Topological atlas of the Kowalevski--Yehia gyrostat: analytical results and topological analysis
Mikhail P. Kharlamov, Pavel E. Ryabov, Irina I. Kharlamova, Alexander, Yu. Savushkin, Evgeniy G. Shvedov
TL;DR
This paper reviews fifty years of research on the integrable motion of a heavy gyrostat of Kowalevski type, providing rigorous proofs and correcting previous inaccuracies in its topological analysis.
Contribution
It offers a comprehensive and rigorous topological analysis of the Kowalevski--Yehia gyrostat problem, fixing past errors and consolidating known results.
Findings
Confirmed the complete integrability of the problem.

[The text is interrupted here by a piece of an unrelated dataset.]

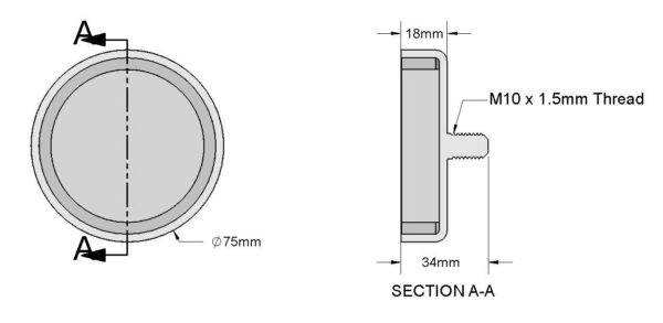 Dimensions | D=75mm (2.95″) M=10mm (0.39″) (M10 Coarse Male threaded stud) H=34mm (1.34″) h=18mm (0.71″) |

Provided rigorous proofs of qualitative analysis.
Corrected previous inaccuracies in topological results.
Abstract
We present a review of the results obtained during the last fifty years in the problem of the motion of a heavy gyrostat under the conditions of the Kowalevski type. Hamad M. Yehia in 1986 has proved that the problem is complete integrable. Since then, a lot of works were devoted to different aspects of integrating this problem and of its topological investigation. The main idea of this work is to prove strictly all the facts of qualitative analysis and to fix different mistakes and inaccuracies. The work was supported by the grants of the RFBR No. 10-01-00043, 10-01-97001, 13-01-97025, and 14-01-00119.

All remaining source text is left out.